Friday, April 22, 2011

Tomato Sucker Debate and Bucket Update

When last we left you, our hero was considering...Screech!! Oops, sorry. I forgot this wasn't a melodrama. It's a gardening blog. But from what I've been reading in "the literature" from Extension Services, seed companies, "professional" growers, backyard dabblers and the infamous internet experts, the concept of trimming the tomato suckers is exactly that, a melodrama.

Some say do, some say don't, some say do it sometimes, others do it never. For some folks, this is as important an issue as what variety to grow or whether or not to plant by the cycles of the moon. For others, it's a silly topic and one on which they expend no effort either discussing or doing. So, I've made my decision.

In order to keep the concept of Stealth Farming, the work has to be the easiest and most productive it can be. It has to take care of the plant, the garden and the produce and still produce the highest yield and most flavorful, healthy food possible. With that in mind, I have decided to ignore the suckers. In fact, I'm not even going to call them suckers. To me they will just be additional branches or shoots on which more tomatoes can grow.

If my point was to grow a prize-winning tomato for the county fair, I would let several fruits set on the plant and then I would monitor them as they began to grow. I would make sure that no suckers, I mean 'additional branches' were allowed to grow and flourish. I would then select the best fruit from the plant and remove all of the others. Then I would hope and pray that no bug got to that one while it grew.

Because these additional branches will allow for more leaf production and flower production, there will be more fruit from the plant. Because a plant has a finite amount of energy and nutrients that it can produce over the course of the season, more fruits generally means more average fruits and fewer phenomenal fruits. I'm OK with this as my purpose is to produce as many tomatoes as possible. So, the additional branches will remain.

I'm not that emotionally invested in my plants to worry and fuss over every detail like the 'additional branches.' And although I know that some people are, I don't think I will ever get that way. And if I do, somebody please slap me and wake me up.

Over the past few days I have been attaching the supports for the tomatoes in the buckets. These are made from wood that I ripped last year into 1" x 1" pieces approximately 6 feet long. I put one support stick on each side of the plant generally perpendicular to the fill tube-drain hole line. I secured them with a simple cable tie.

This photo makes it look like the support stick is only a couple inches away from the fill tube, but it's not, really. I thought the green cable ties made a nice statement, don't you?

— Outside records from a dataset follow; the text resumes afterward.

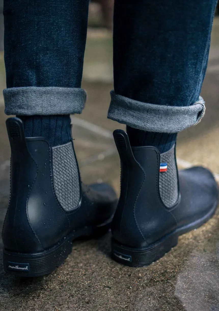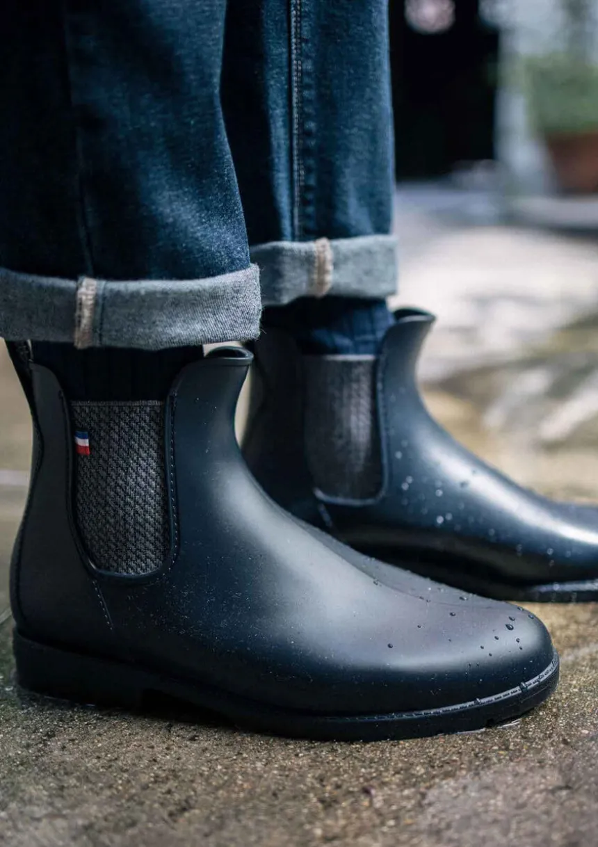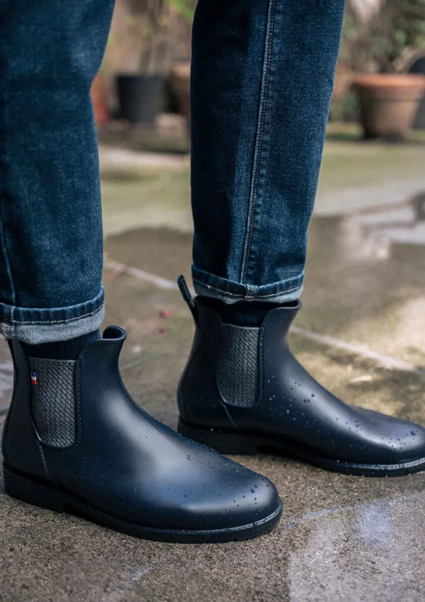 Notre bestseller : les boots MONTPLUIE. Ces bottines de pluie pour homme dans leur version marine à l’élastique jacquard seront les indispensables de votre vestiaire pour affronter les jours pluvieux avec style.
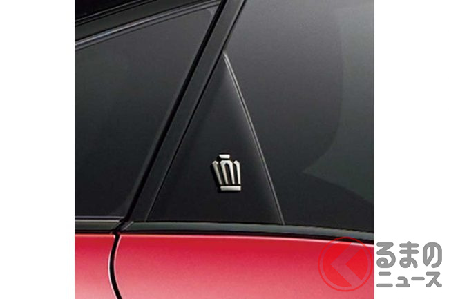 次に「サイドエンブレム(CROWN)」は、立体感のあるハイボスカル素材を採用し、上質なサテン調シルバー仕上げとされています。
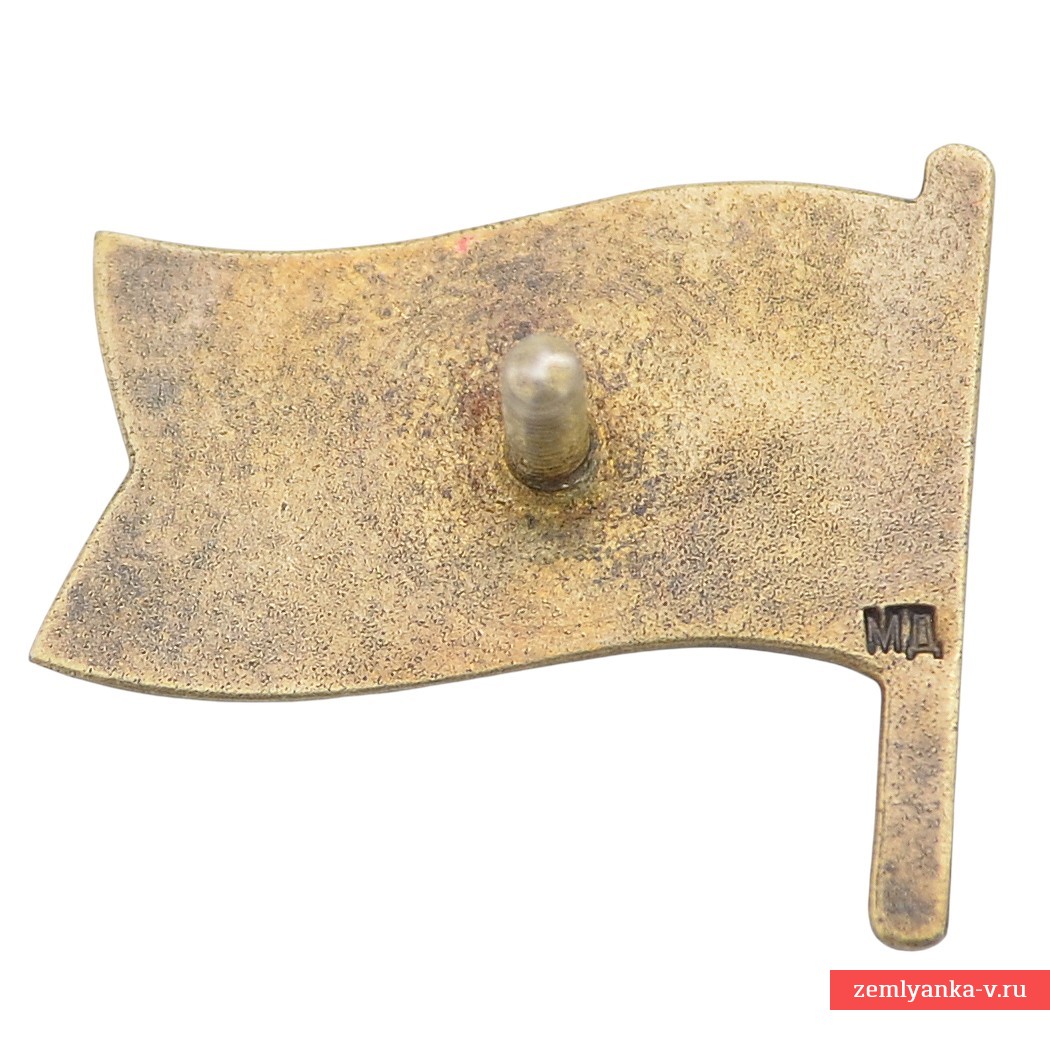 Серебро, эмаль. Оригинальный знак в неплохом коллекционном состоянии. Закрутка отсутствует. Фрагментарная реставрация эмали. Редкий. Гарантия подлинности.
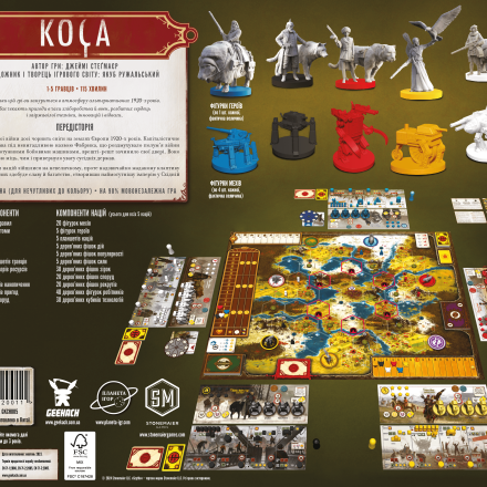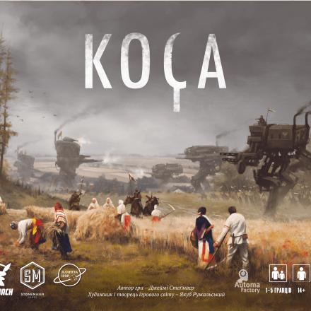 Суператмосферна гра, яка перенесе вас до альтернативного світу постапокаліптичної Європи початку ХХ століття. Насамперед Гікач хотів би відзначити яскраве оригінальне оформлення та круті мініатюри. Гра виконана в незвичайному дизельпанковому сетингу, заданому картинами Якуба Розальського, де величезні механізовані роботи лише доповнюють сільську ідилію, правителі-одинаки подорожують з вірними хижими звірами, а в небі чи в лісовій глушині пихтять дивовижні апарати таємничої Фабрики. І як у хорошій книзі форма є невід'ємною частиною змісту, так і в грі «Коса» сетинг нерозривно пов'язаний з механікою.
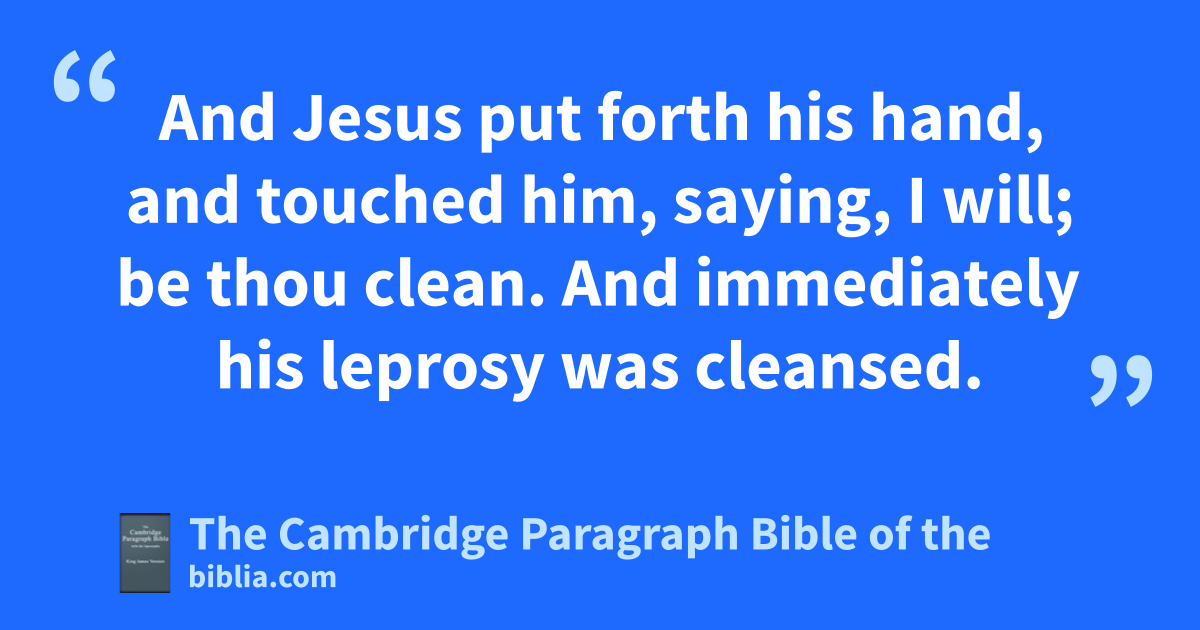 VIII. When he was come down from the mountain, great multitudes followed him. 2 aAnd behold, there came a leper and bworshipped him, saying, Lord, if thou wilt, thou canst make me clean. 3 And Jesus put forth his hand, and bbtouched him, saying, I will; be thou clean. And immediately his leprosy was cleansed. 4 And Jesus saith unto him, cSee thou tell no man; but go thy way, shew thyself to the priest, and offer the gift that dMoses commanded ddfor a testimony unto them.
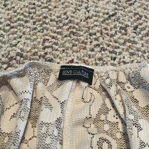 Width under arms 28, length from pit to hem 10.5. Not lined, except for breast, so can see skin through the lace.
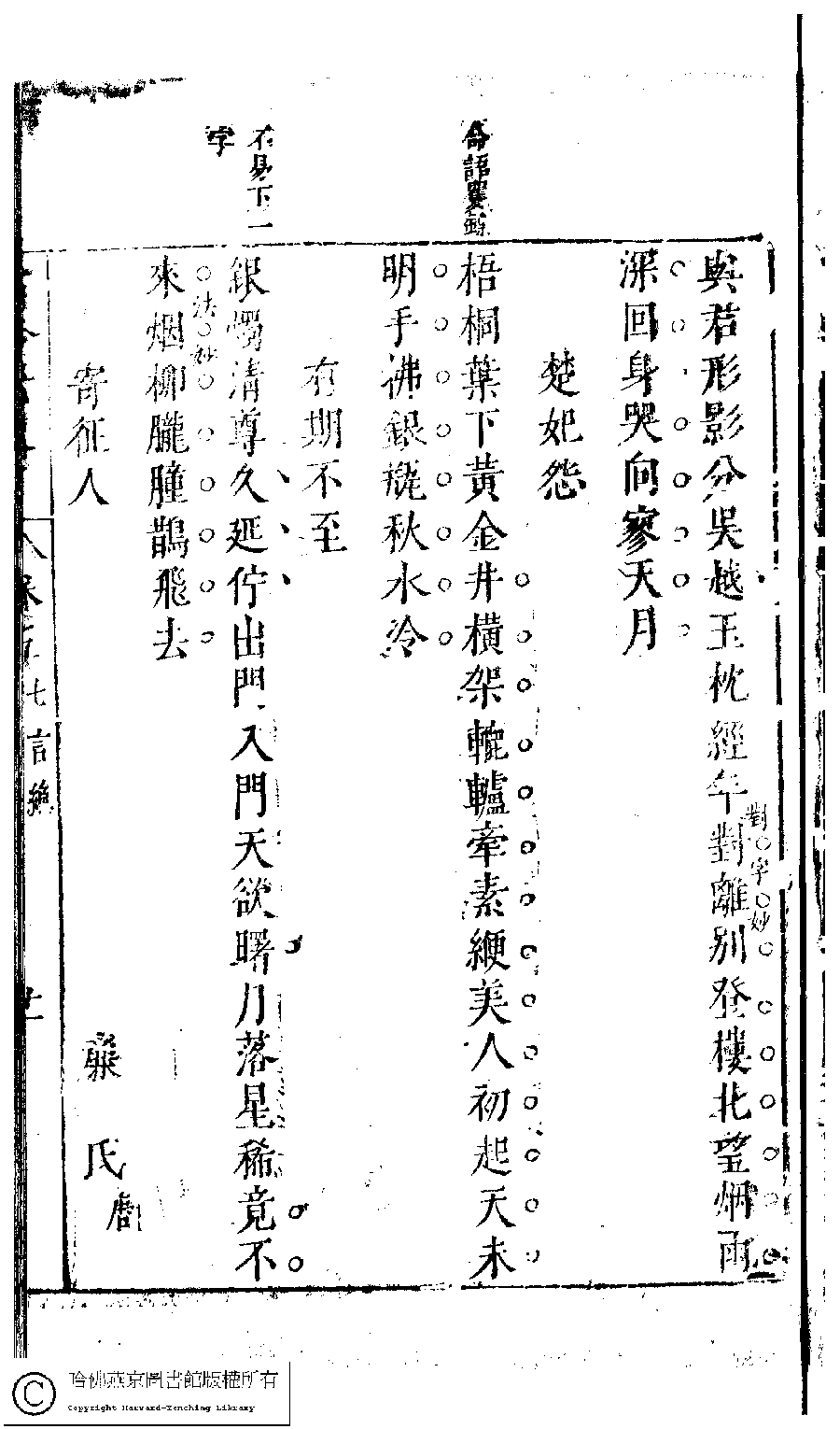 | (PRINT FRIENDLY VERSION) 古今女史﹕十二卷﹐詩集﹕八卷﹐附姓氏字里詳節﹕一卷(明趙世杰輯)。明崇禎(1628-1644)問奇閣刻本 ![]() 頁碼 : 5.11a | 点 击 放 大 | 古今女史﹕十二卷﹐詩集﹕八卷﹐附姓氏字里詳節﹕一卷(明趙世杰輯)。明崇禎(1628-1644)問奇閣刻本![]() 頁碼 : 5.10b | 点 击 放 大 | 返回 |
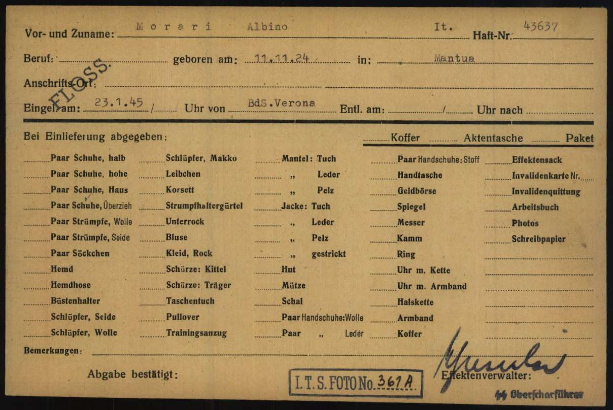 Documenti tratti da The Arolsen Archives online collections – 1640249 / Moro Paolo (Mauthausen) e 1640253 / Moro Paolo (Mauthausen).
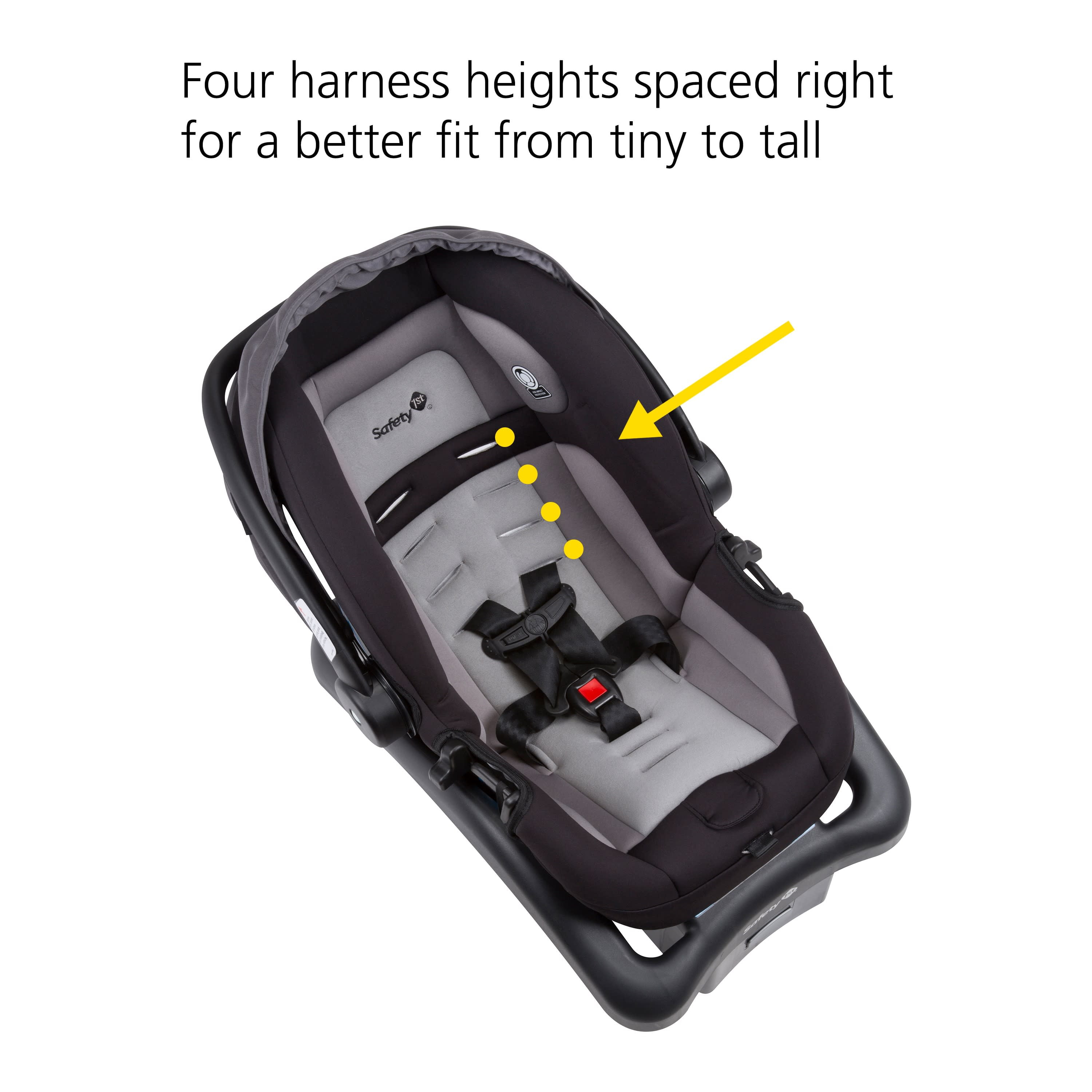 Rear-facing 4-35 pounds Ultra lightweight infant car seat with exceptional safety using next generation engineering Side Impact Protection with deep sides and energy absorbing materials 4 harness heights spaced right for a better fit from tiny to tall Extra newborn support with head and body inserts One pull harness adjustment gives baby a secure fit Adjustable base for the right fit to your car Machine washable and dryer safe seat pad
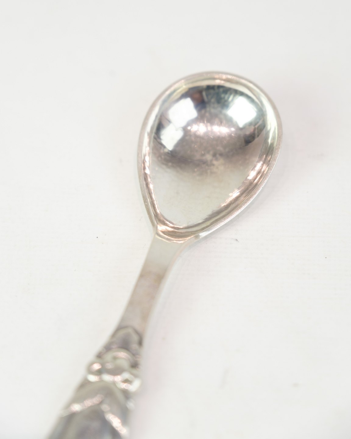 SolgtEvald Nielsen caviarske i ægte sølv. Hammerslået mønster, Model No. 16. Længde 14 cm. Klassisk dansk sølvarbejde.
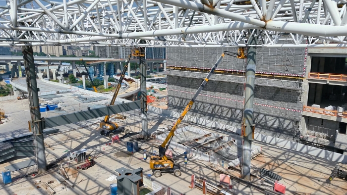 以尊龙凯时XGS40K为代表的十余台尊龙凯时高机有的“一枝独秀”,,,,,平稳变幅直指站衡宇顶;;;;;有的精准定位,,,,,无邪探入桁架之间紧贴焊接点,,,,,成为包管钢桁架高空焊接作业的主力军,,,,,热火朝天的为祖国交通枢纽建设孝顺实力。。。。

When I had both of the supports in place (they push down easily in the compost/mulch/soil mix) and anchored, I used a piece of nylon twine to form the trellis support on each side of the plant stem. I've used this method before and it allows for the plant to grow and enlarge without binding or restricting but it still provides enough support to the plant to keep it upright and protect it from the wind and the weight of the fruit.

By following a figure-eight pattern between the posts and the plant, there is enough 'give' in the string to support but not rub an injury to the stem. An alternative to this is the simply tie the string from post to post and use plant ties or ribbons to make the support on the plant. They both work, your call.

This picture makes my leaves look yellow but that's from the floodlight I was using. As you can see, I have to garden in the evening and early morning to get it all done. (I have a life, you know.)

I've got a dozen tomatoes and three peppers growing in these Sub-irrigated planters this year. I may add some more, too. Eventually, I want to have all of my garden area in sub-irrigated planters or wicking beds. With the cost of city water rising every year, I can't afford to top water and let the excess run off back to the water table so the water authority can charge me again for the same water. By using this system, I only use the water once, same as before, but only I use the water, and only about 10% as much, too.

As a side note, I have a friend who has some pet rabbits who live in her house. They are litter box trained and she considers them members of the family. I bring her some radish tops once in a while for her bunnies. Here is a picture of last night's radish pull and the tops she got today.

I really love radishes. I like them raw, in salads, by themselves and in soup. I think they add a great flavor when grated or shredded and put in other dishes. I even like to pull one or two and munch on them as I'm working in the garden.

When you grow your own as an intercrop with other plants, it's like a bonus, almost free. I once calculated the cost of a radish to grow and it worked out to about 8 for a cent. That's cheap. And when you grow them yourself in your Stealth Garden, they are picked at the exact moment of intense flavor and nutrition. How cool is that?


  1. here in Kentucky, we're currently harvesting radishes, kale and asparagus. it's been raining so much that I don't know when we'll get the chance to plant anything more. well, for hubby to plant anything more. I'm the chief cook and bottle washer. ;)

  2. Why are some radishes longish and creepy looking?